Zero-dimensional
(0D) metal halide hybrids with high exciton binding
energy are excellent materials for lighting applications. Controlling/modulating
the structure of the constituent metal halide units allows tunability
of their photoluminescence properties. 0D manganese halide hybrids
are currently attracting research efforts in lighting applications
due to their eco-friendly and strong emission. However, structural
transformation-induced tunability of their photophysical properties
has rarely been reported. Herein, we demonstrate a rational synthetic
strategy to modulate the structure and luminescence properties of
0D Mn(II) halide hybrids utilizing the structure-directing d10 metal ions (Cd2+/Zn2+). 0D metal halide hybrids
of Cd2+/Zn2+, which act as hosts with tunable
structures, accept Mn2+ ions as substitutional dopants.

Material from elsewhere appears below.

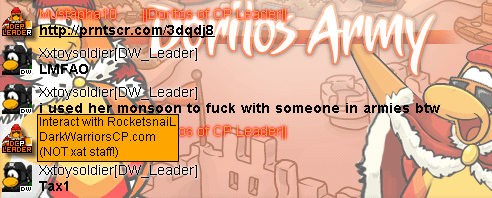 Now that it has been made clear that Toysoliders’ notorious alias is Sanity, we can confirm that Toysoldier has denied access of the internet to tens of people including many known figures in this community such as Spi101, Step, Jester, the entire current ownership here in DCP, and much, much more. Anyone who still doubts it is simply ignorant. Prove me wrong as to how he didn’t DoS people within the leadership of Doritos other than the idiocy that came from a few DW troops such as “DW had an event during DCP’s event”… Newsflash for the 5 year olds in DW: It doesn’t take a neuropsychologist to press “launch attack” while playing Club Penguin.

This structural flexibility of the host d10 metal ions
is realized by optimizing the metal-to-ligand ratio (Cd/AEPip). This
reaction parameter allows structural transformation from an octahedral
(AEPipCdMnBrOh) to a tetrahedral (AEPipCdMnBrTd) 0D Mn halide hybrid with tunable luminescence (orange →
green) with high photoluminescence quantum yield. Interestingly, when
Zn2+ is utilized, a tetrahedral AEPipZnMnBr structure forms
exclusively with strong green emission. Optical and single-crystal
X-ray diffraction structural analysis of the host and the doped system
supports our experimental data and confirms the structure-directing
role played by Cd2+/Zn2+ centers. This work
demonstrates a rational strategy to modulate the structure/luminescence
properties of 0D Mn(II) halide hybrids, which can further be implemented
for other 0D metal halide hybrids.